Müller: Der Wandel findet aber bereits statt, namentlich mit der für 2025 geplanten Einführung von MS Dynamics 365 als neuer Software für das Enterprise Resource Planning (ERP). Auch die partizipativen Gruppen, die zu den Themen «Kultur & Kommunikation», «Leadership & Organisation», «Human Resources» und «Prozesse» kontinuierliche Verbesserungsprozesse vorantreiben, bringen uns im Wandel weiter [vgl. «Strategische Ereignisse und Entwicklungen» im Unternehmensbericht, Anm. d. Red.]. 

Unternehmensbericht 2023

Die Leitung der SQS hat an der Mitgliederversammlung am 4. Juni 2024 in Zollikofen den Unternehmensbericht 2023 präsentiert. Dieser ist im Vergleich zu den Vorjahren umfassender und neu entlang von vier Kapiteln strukturiert: Kapitel 1 «Nachhaltige Unternehmensführung», Kapitel 2 «Geschäftsmodell und Geschäftsgang», Kapitel 3 «Soziales» und Kapitel 4 «Umwelt».

Zum Unternehmensbericht

Steht dabei auch die juristische Person der SQS als Verein zur Disposition? 

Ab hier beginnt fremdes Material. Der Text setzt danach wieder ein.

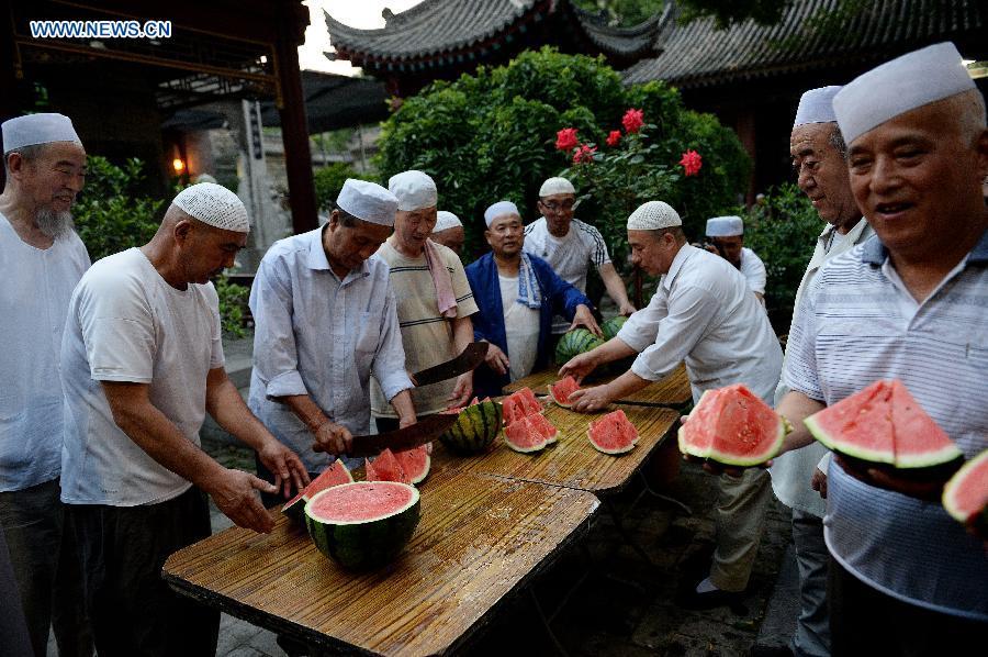 Des musulmans pendant une distribution de pastèque avant la rupture du jeûne dans une mosquée de Xi'an, capitale de la province du Shaanxi dans le nord-ouest de la Chine, le 17 juin 2015, premier jour du mois sacré du Ramadan. (Xinhua / Liu Xiao)
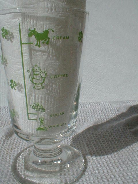| そして結局買ったのが、このアイリッシュコーヒーカップ。ウィスキー、お砂糖、コーヒー、クリームを線のところまでいれると、アイルランドの伝統的な飲み物アイリッシュコーヒーが出来るというもの。 |

Grisard: Tatsächlich sind unsere Mitbewerber in der Regel Aktiengesellschaften. Für uns bedeutet die Vereinsform eindeutig einen Vorteil. Bei uns stehen nicht die Profitinteressen eines Eigentümers im Zentrum, sondern die Bedürfnisse des Kunden. 

Müller: Kunden sprechen uns regelmässig darauf an. Sie halten einen Verein grundsätzlich für geeigneter, um unparteilich, neutral und damit glaubwürdig zu begutachten. Die Vereinsform erleichtert uns, auch andere Stakeholder-Interessen wahrzunehmen. Zum Beispiel befinden sich unter unseren Mitgliedern viele der relevanten Dach- und Branchenverbände, die die Schweizer Wirtschaft repräsentieren. Ich denke insbesondere auch an unsere Mitarbeitenden: Wir sind ein attraktiver Arbeitgeber und wollen dies bleiben!